Предварительно проводят бактериологический контроль жизнеспособности клеток микроорганизмов биологических индикаторов из тест-пакета, биологические индикаторы из которого в дальнейшем используют для контроля стерилизации материалов и изделий.
Для этого из тест-пакета извлекают неиспользованные ранее биологические индикаторы, вносят в них по 0,3 см3 хемилюминесцентной композиции и в течение (3÷7) минут встряхиванием (перемешиванием) проводят экстракцию клеток тест-микроорганизмов, получая реакционную смесь в виде экстракта клеток тест-микроорганизмов.
Затем экстракт клеток тест-микроорганизмов каждого из биологических индикаторов поочередно переносят в кюветы АЖЛ, поочередно анализируют и определяют усредненную кривую кинетики изменения интенсивности свечения реакционной смеси во времени.

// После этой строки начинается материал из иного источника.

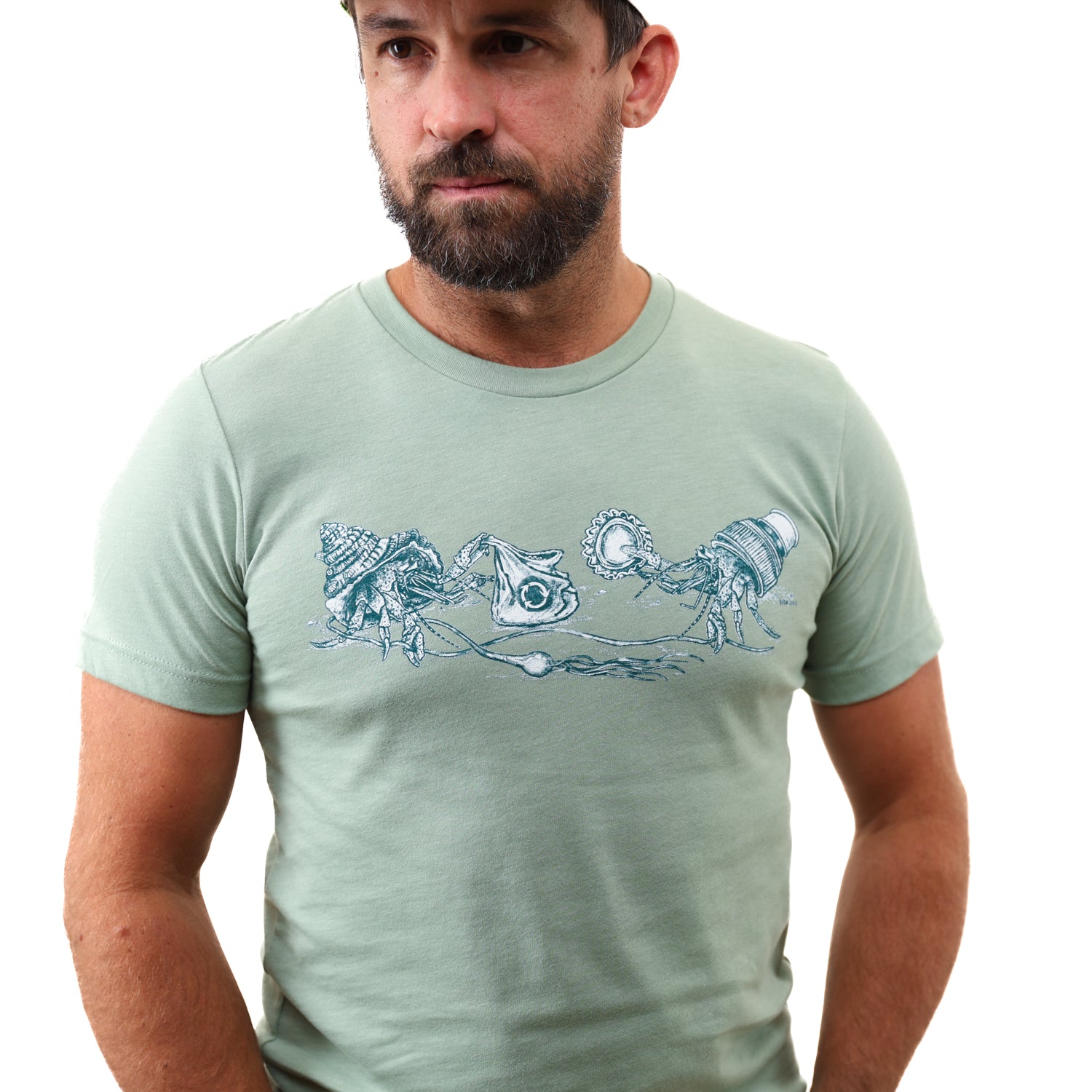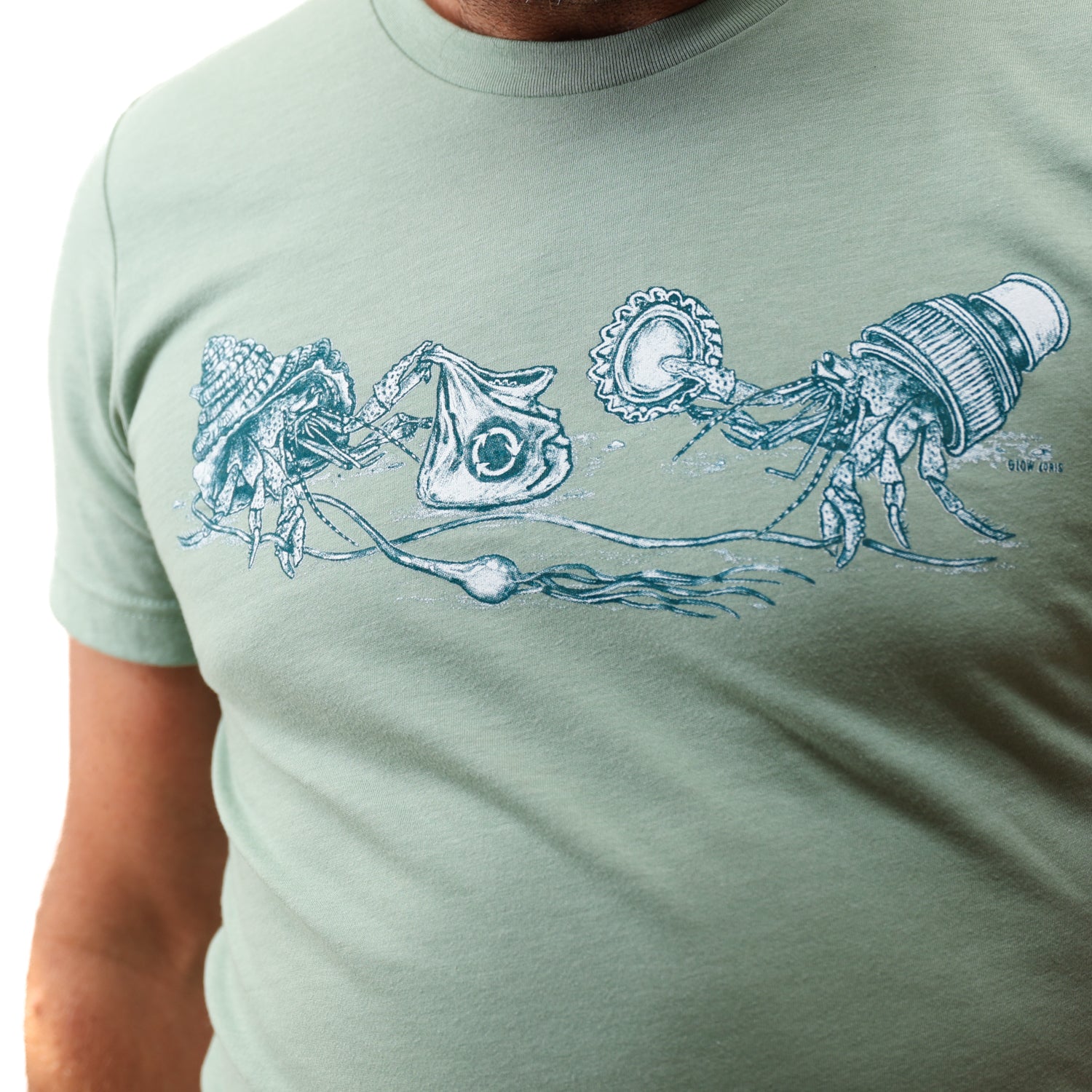 Two hermit crabs lead by example-cleaning up their beach and reusing what they find along the way.

На выходе АЖЛ можно наблюдать усредненную кривую кинетики изменения интенсивности свечения реакционной смеси во времени (см. примеры на фиг.1, 3, 5, 7). О наличии жизнеспособности клеток можно судить по интенсивности свечения реакционной смеси.

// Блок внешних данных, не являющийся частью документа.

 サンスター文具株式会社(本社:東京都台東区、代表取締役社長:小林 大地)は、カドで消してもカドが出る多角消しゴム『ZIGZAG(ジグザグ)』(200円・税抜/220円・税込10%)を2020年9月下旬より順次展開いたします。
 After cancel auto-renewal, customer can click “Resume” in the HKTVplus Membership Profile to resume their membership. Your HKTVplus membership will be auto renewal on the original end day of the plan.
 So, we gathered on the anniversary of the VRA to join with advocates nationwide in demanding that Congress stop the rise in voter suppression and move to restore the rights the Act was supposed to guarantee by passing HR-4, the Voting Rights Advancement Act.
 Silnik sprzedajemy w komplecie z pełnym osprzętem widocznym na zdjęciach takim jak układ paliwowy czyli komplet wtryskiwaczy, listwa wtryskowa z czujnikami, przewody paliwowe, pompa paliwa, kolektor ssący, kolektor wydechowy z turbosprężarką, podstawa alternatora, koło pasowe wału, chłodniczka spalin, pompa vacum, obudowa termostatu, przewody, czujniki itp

Перед проведением процесса стерилизации среди стерилизуемых объектов размещают биологические индикаторы со спорами клеток тест-микроорганизмов из тест-пакета, прошедшего предварительный бактериологический контроль жизнеспособности клеток микроорганизмов, расположенных в нем биологических индикаторов.
После процесса стерилизации проводят бактериологический контроль жизнеспособности клеток тест-микроорганизмов биологических индикаторов которые были размещены среди стерилизуемых объектов перед проведением процесса стерилизации.
Для этого сразу после окончания процесса стерилизации в биологические индикаторы со спорами клеток тест-микроорганизмов вносят (0,3÷0,5) см3 хемилюминесцентной композиции, лизируют споры клеток тест-микроорганизмов путем встряхивания биологических индикаторов в течение (3÷7) мин и далее хемилюминесцентным методом определяют в полученном экстракте наличие жизнеспособных клеток тест-микроорганизмов. По изменению интенсивности хемилюминесцентного свечения судят о наличии жизнеспособных клеток тест-микроорганизмов после процесса стерилизации и определяют его эффективность. При этом отсутствие свечения указывает на отсутствие жизнеспособных клеток тест-микроорганизмов в исследуемом экстракте. Отсутствие жизнеспособных клеток тест-микроорганизмов в биологических индикаторах, которые были использованы для контроля процесса стерилизации, свидетельствует об эффективной стерилизации материалов и изделий.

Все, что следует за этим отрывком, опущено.